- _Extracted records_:

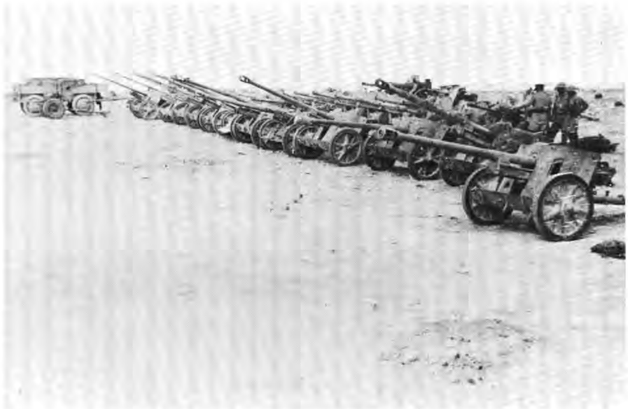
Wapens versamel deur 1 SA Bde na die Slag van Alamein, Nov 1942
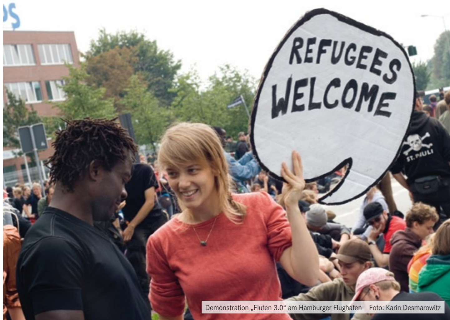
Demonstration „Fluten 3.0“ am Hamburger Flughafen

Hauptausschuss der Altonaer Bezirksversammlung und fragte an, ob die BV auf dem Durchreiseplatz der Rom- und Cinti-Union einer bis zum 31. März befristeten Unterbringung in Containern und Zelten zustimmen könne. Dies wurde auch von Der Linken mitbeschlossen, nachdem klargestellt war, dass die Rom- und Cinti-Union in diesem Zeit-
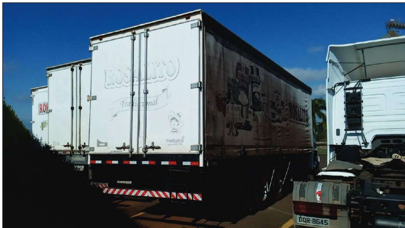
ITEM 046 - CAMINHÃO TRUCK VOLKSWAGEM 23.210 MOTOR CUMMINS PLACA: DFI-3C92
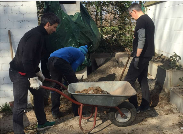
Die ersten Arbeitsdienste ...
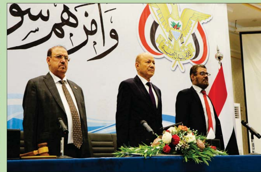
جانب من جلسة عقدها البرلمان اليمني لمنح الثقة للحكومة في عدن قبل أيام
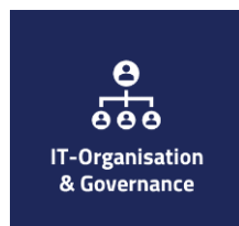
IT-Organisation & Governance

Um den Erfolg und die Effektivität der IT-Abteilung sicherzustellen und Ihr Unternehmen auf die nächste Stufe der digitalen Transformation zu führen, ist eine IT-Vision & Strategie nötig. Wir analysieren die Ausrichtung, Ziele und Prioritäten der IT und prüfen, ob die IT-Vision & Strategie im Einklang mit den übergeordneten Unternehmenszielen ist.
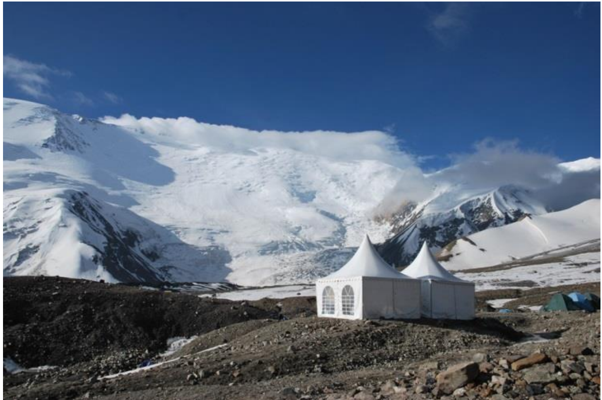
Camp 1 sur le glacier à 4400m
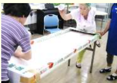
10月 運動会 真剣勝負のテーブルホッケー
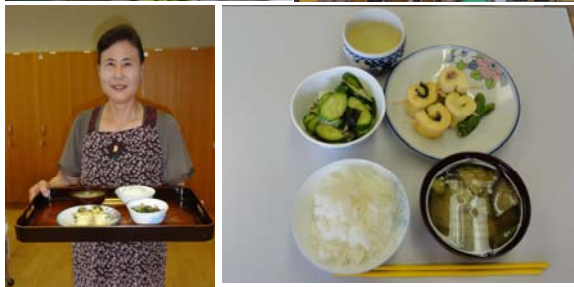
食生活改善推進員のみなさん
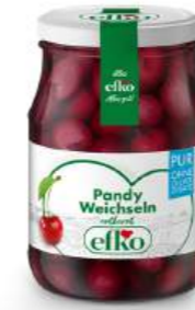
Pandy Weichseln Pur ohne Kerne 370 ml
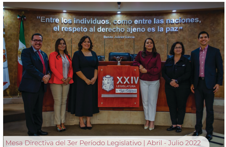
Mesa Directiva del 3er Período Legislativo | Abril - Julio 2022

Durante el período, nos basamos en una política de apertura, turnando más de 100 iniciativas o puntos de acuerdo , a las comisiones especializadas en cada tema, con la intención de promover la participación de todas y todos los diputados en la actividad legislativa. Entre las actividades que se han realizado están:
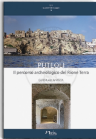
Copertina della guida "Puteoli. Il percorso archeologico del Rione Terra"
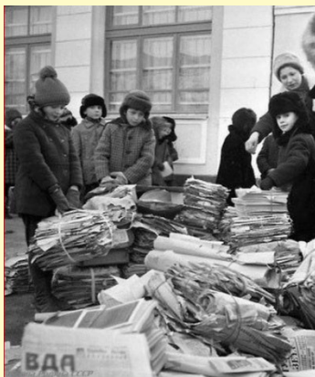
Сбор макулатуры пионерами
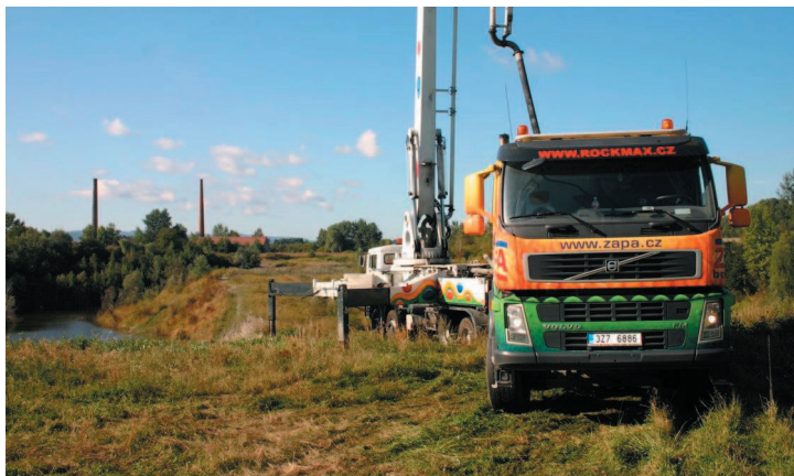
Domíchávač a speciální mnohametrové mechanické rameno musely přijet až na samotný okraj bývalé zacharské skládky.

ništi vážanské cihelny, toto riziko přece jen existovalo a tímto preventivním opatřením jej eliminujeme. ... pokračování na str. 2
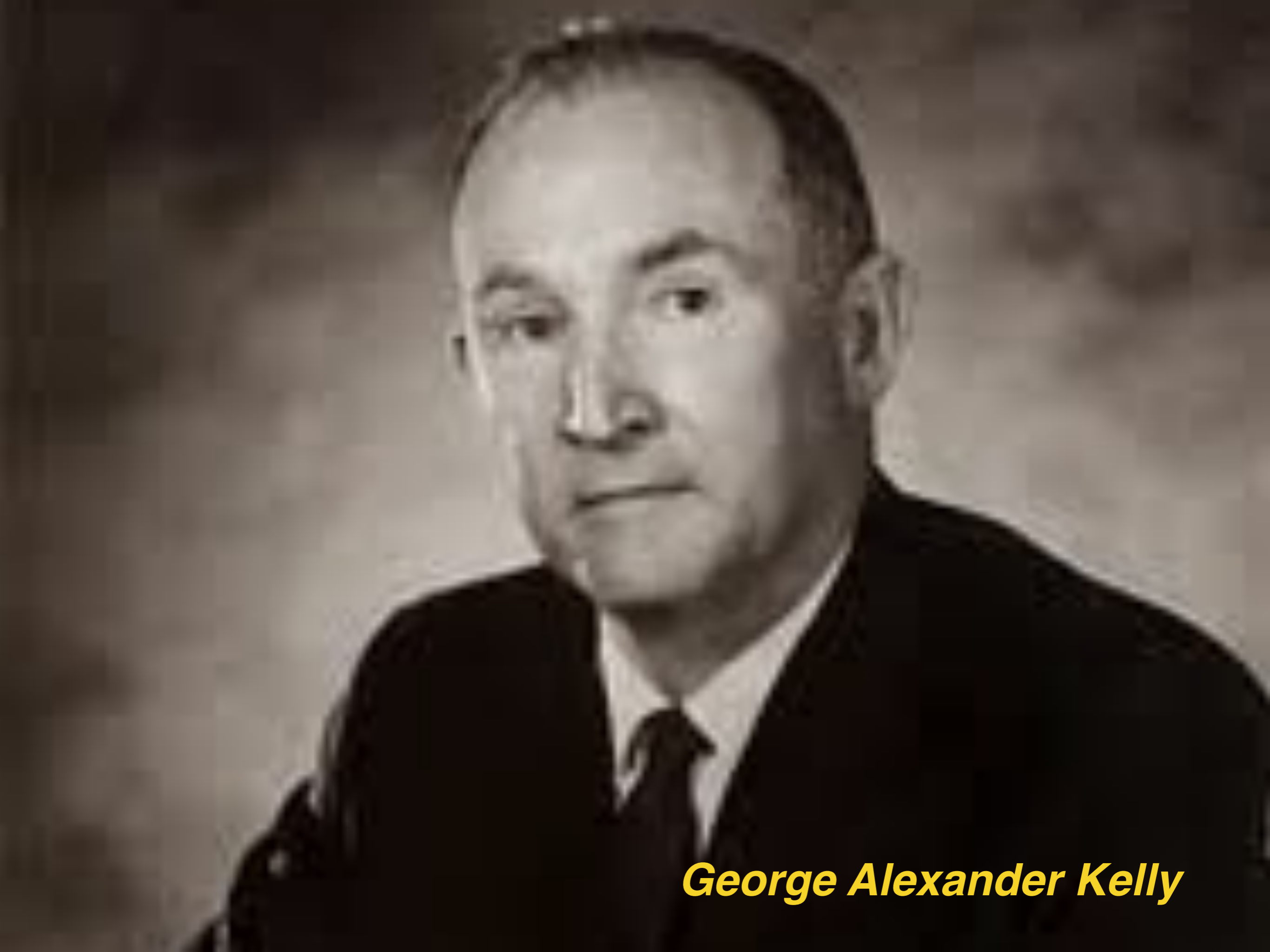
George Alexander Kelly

- _PROBLEM TO SOLVE_: Give back exactly the lines from the line with "Hauptausschuss der Altonaer" through the end of the records, both included; keep all pictures out.

- _TASK OUTPUT_:
Hauptausschuss der Altonaer Bezirksversammlung und fragte an, ob die BV auf dem Durchreiseplatz der Rom- und Cinti-Union einer bis zum 31. März befristeten Unterbringung in Containern und Zelten zustimmen könne. Dies wurde auch von Der Linken mitbeschlossen, nachdem klargestellt war, dass die Rom- und Cinti-Union in diesem Zeit-
ITEM 046 - CAMINHÃO TRUCK VOLKSWAGEM 23.210 MOTOR CUMMINS PLACA: DFI-3C92
Die ersten Arbeitsdienste ...
جانب من جلسة عقدها البرلمان اليمني لمنح الثقة للحكومة في عدن قبل أيام
IT-Organisation & Governance

Um den Erfolg und die Effektivität der IT-Abteilung sicherzustellen und Ihr Unternehmen auf die nächste Stufe der digitalen Transformation zu führen, ist eine IT-Vision & Strategie nötig. Wir analysieren die Ausrichtung, Ziele und Prioritäten der IT und prüfen, ob die IT-Vision & Strategie im Einklang mit den übergeordneten Unternehmenszielen ist.
Camp 1 sur le glacier à 4400m
10月 運動会 真剣勝負のテーブルホッケー
食生活改善推進員のみなさん
Pandy Weichseln Pur ohne Kerne 370 ml
Mesa Directiva del 3er Período Legislativo | Abril - Julio 2022

Durante el período, nos basamos en una política de apertura, turnando más de 100 iniciativas o puntos de acuerdo , a las comisiones especializadas en cada tema, con la intención de promover la participación de todas y todos los diputados en la actividad legislativa. Entre las actividades que se han realizado están:
Copertina della guida "Puteoli. Il percorso archeologico del Rione Terra"
Сбор макулатуры пионерами
Domíchávač a speciální mnohametrové mechanické rameno musely přijet až na samotný okraj bývalé zacharské skládky.

ništi vážanské cihelny, toto riziko přece jen existovalo a tímto preventivním opatřením jej eliminujeme. ... pokračování na str. 2
George Alexander Kelly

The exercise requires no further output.